The professor listened in silence, his intellect slowly pushing his emotions aside as he struggled to grasp what Paul was saying. He had gone from confusion, to elation, to outrage and now this. A nameless sadness seemed to settle on him, and he thought he was beginning to appreciate the tears in the eyes of his friends. “Then, you’re saying the visitor never came? But I remember the man!”

“Yes, we remember him. We were protected in the void. Now Paradox is taking control of the situation and cleaning up any loose ends. Poor Kelly. Don’t you see, Robert? There was no Palma Event—not in the time continuum as it stands now. They never came back, because nothing ever happened. Yes, we all remember that Kelly’s life was spared by their intervention, but not in this time line—not in the world we have around us now. Paradox is real—that’s what the visitor tried to warn us about. I always thought is was just some impossible puzzle that would send your mind in an endless loop, but that’s not what Paradox is at all. It’s a natural force, a consequence, and it holds us all accountable for every action we take. Even if we remember the visitor, the change we made in the time line removed his reason for being here—cancelled out the effect he had on the continuum before we were all swept into the Nexus Point, because he never had any reason to come. It was as if he was never here.”

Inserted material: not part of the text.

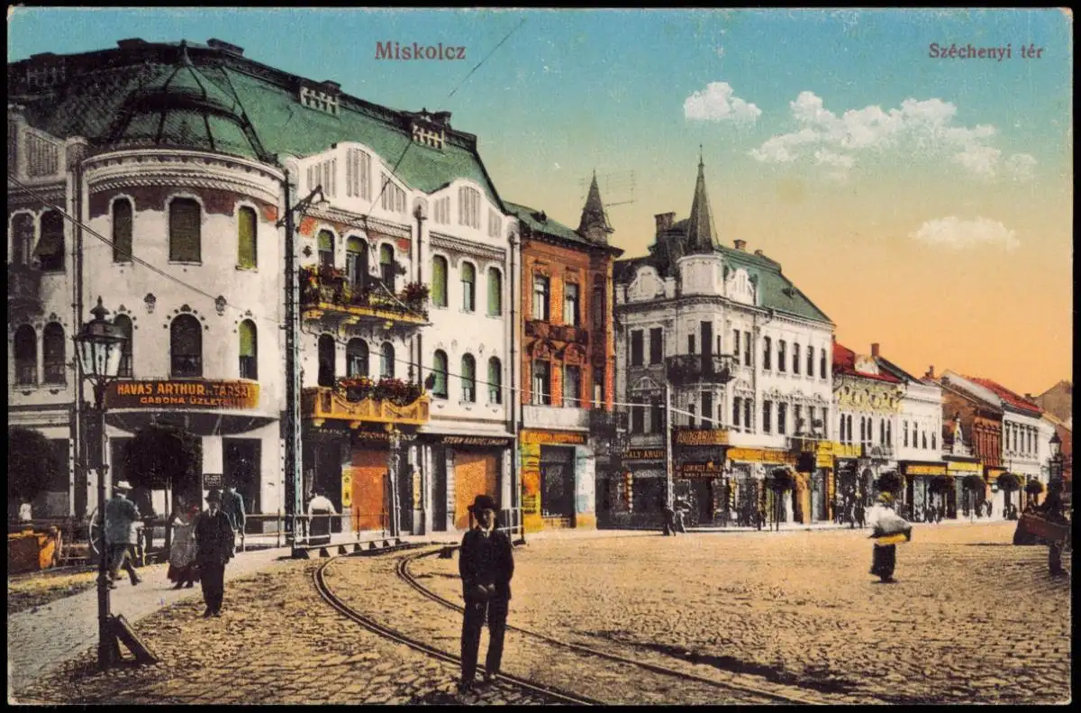 Miskolc Miskolc (Miškovec/Miszkolc) Széchenyi tér - Geschäfte 1913

“And he never saved Kelly.” Nordhausen’s voice faded away. He set the shortwave on the console and moved closer to Paul and Maeve, arms extended, reaching for them, gathering them in to a wide embrace. They drew together, joined in their understanding and their sorrow, and shared a long moment of quiet tears in the silence of the smoky room. At last the professor spoke, reciting one of his old favorites. It just seemed to hit on the nub of the moment, and whispered the only consolation he could offer. “Destiny has two ways of crushing us,” he said softly. “By refusing our wishes and by fulfilling them.”

30

Memorial – Berkeley, California – The Present

The green sward of the memorial park was broken by winding flagstone pathways, trimmed with well cultivated rows of carnations and roses. The sky was blue and clear, with a gentle breeze blowing in from the bay. Paul looked over his shoulder as he walked to greet the others, his eyes climbing the Berkeley Hills and reaching for the place where Lawrence Labs lay nestled there—a portal on infinity. He carried a small parcel under one arm, handling it with an almost reverent care. Up ahead, at the edge of a gently rising knoll, Robert and Maeve were waiting beside the freshly turned earth of a shallow grave. It was just large enough to hold the few things they had decided to inter here, for there were no remains of their friend to lay to rest.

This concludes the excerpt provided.